### WHAT THE TASK ASKS
Omit the images, then repeat the listing exactly.

### DATA SHOWN

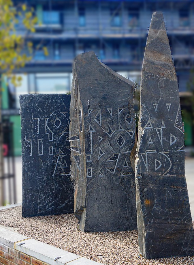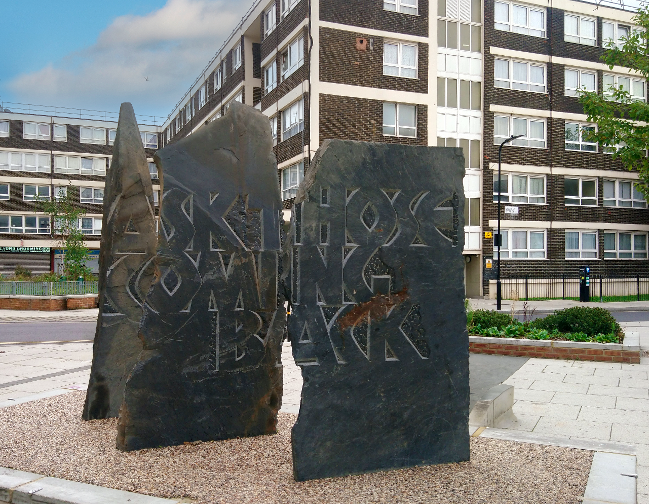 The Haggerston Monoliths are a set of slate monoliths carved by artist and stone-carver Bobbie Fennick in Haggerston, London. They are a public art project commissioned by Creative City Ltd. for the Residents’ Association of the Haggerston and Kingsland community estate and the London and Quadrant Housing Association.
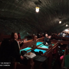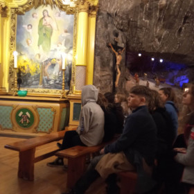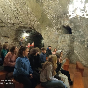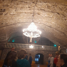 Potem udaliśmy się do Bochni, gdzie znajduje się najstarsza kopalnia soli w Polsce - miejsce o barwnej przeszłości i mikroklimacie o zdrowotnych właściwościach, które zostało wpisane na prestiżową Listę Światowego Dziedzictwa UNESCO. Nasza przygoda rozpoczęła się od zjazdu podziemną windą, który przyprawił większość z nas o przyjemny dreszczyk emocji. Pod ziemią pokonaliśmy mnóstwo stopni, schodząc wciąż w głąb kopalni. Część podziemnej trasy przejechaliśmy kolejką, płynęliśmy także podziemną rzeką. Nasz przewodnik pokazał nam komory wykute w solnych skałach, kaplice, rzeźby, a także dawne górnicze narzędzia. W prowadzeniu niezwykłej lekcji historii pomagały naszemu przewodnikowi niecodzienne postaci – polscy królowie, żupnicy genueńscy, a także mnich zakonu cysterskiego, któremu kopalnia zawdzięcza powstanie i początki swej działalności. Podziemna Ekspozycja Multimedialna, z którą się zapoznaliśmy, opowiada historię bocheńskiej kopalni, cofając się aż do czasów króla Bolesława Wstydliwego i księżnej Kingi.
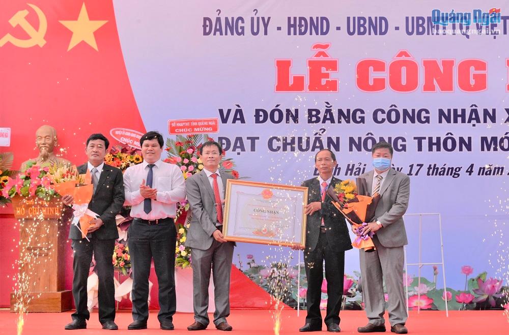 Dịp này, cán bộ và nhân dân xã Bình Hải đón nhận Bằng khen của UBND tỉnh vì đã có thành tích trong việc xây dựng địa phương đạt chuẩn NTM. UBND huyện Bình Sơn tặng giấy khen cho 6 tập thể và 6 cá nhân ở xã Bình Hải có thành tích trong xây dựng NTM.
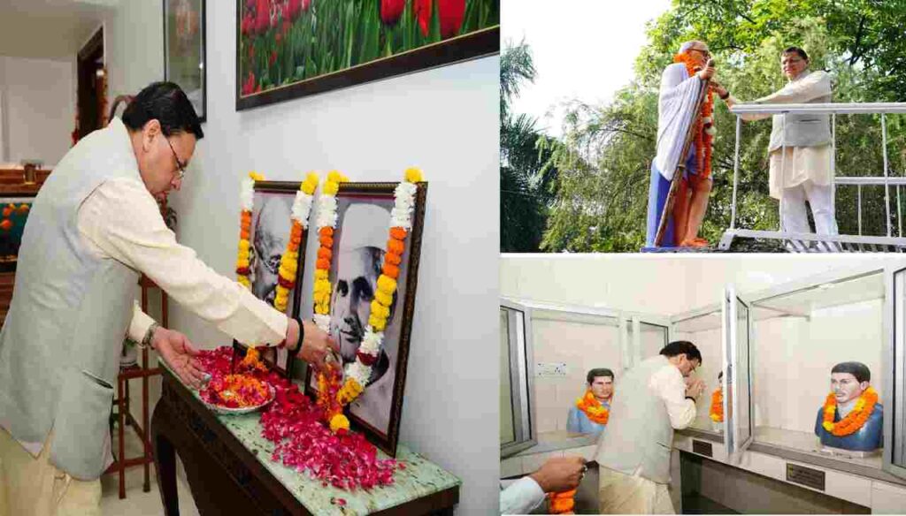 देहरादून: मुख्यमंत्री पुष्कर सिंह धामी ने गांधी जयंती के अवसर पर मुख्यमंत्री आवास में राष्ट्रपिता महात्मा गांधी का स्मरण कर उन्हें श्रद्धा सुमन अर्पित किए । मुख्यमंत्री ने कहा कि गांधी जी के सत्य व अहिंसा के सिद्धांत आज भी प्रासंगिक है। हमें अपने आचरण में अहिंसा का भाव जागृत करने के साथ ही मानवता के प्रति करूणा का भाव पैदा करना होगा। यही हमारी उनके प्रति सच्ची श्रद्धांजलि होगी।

### SOLUTION TO THIS EXERCISE
 The Haggerston Monoliths are a set of slate monoliths carved by artist and stone-carver Bobbie Fennick in Haggerston, London. They are a public art project commissioned by Creative City Ltd. for the Residents’ Association of the Haggerston and Kingsland community estate and the London and Quadrant Housing Association.
 Potem udaliśmy się do Bochni, gdzie znajduje się najstarsza kopalnia soli w Polsce - miejsce o barwnej przeszłości i mikroklimacie o zdrowotnych właściwościach, które zostało wpisane na prestiżową Listę Światowego Dziedzictwa UNESCO. Nasza przygoda rozpoczęła się od zjazdu podziemną windą, który przyprawił większość z nas o przyjemny dreszczyk emocji. Pod ziemią pokonaliśmy mnóstwo stopni, schodząc wciąż w głąb kopalni. Część podziemnej trasy przejechaliśmy kolejką, płynęliśmy także podziemną rzeką. Nasz przewodnik pokazał nam komory wykute w solnych skałach, kaplice, rzeźby, a także dawne górnicze narzędzia. W prowadzeniu niezwykłej lekcji historii pomagały naszemu przewodnikowi niecodzienne postaci – polscy królowie, żupnicy genueńscy, a także mnich zakonu cysterskiego, któremu kopalnia zawdzięcza powstanie i początki swej działalności. Podziemna Ekspozycja Multimedialna, z którą się zapoznaliśmy, opowiada historię bocheńskiej kopalni, cofając się aż do czasów króla Bolesława Wstydliwego i księżnej Kingi.
 Dịp này, cán bộ và nhân dân xã Bình Hải đón nhận Bằng khen của UBND tỉnh vì đã có thành tích trong việc xây dựng địa phương đạt chuẩn NTM. UBND huyện Bình Sơn tặng giấy khen cho 6 tập thể và 6 cá nhân ở xã Bình Hải có thành tích trong xây dựng NTM.
 देहरादून: मुख्यमंत्री पुष्कर सिंह धामी ने गांधी जयंती के अवसर पर मुख्यमंत्री आवास में राष्ट्रपिता महात्मा गांधी का स्मरण कर उन्हें श्रद्धा सुमन अर्पित किए । मुख्यमंत्री ने कहा कि गांधी जी के सत्य व अहिंसा के सिद्धांत आज भी प्रासंगिक है। हमें अपने आचरण में अहिंसा का भाव जागृत करने के साथ ही मानवता के प्रति करूणा का भाव पैदा करना होगा। यही हमारी उनके प्रति सच्ची श्रद्धांजलि होगी।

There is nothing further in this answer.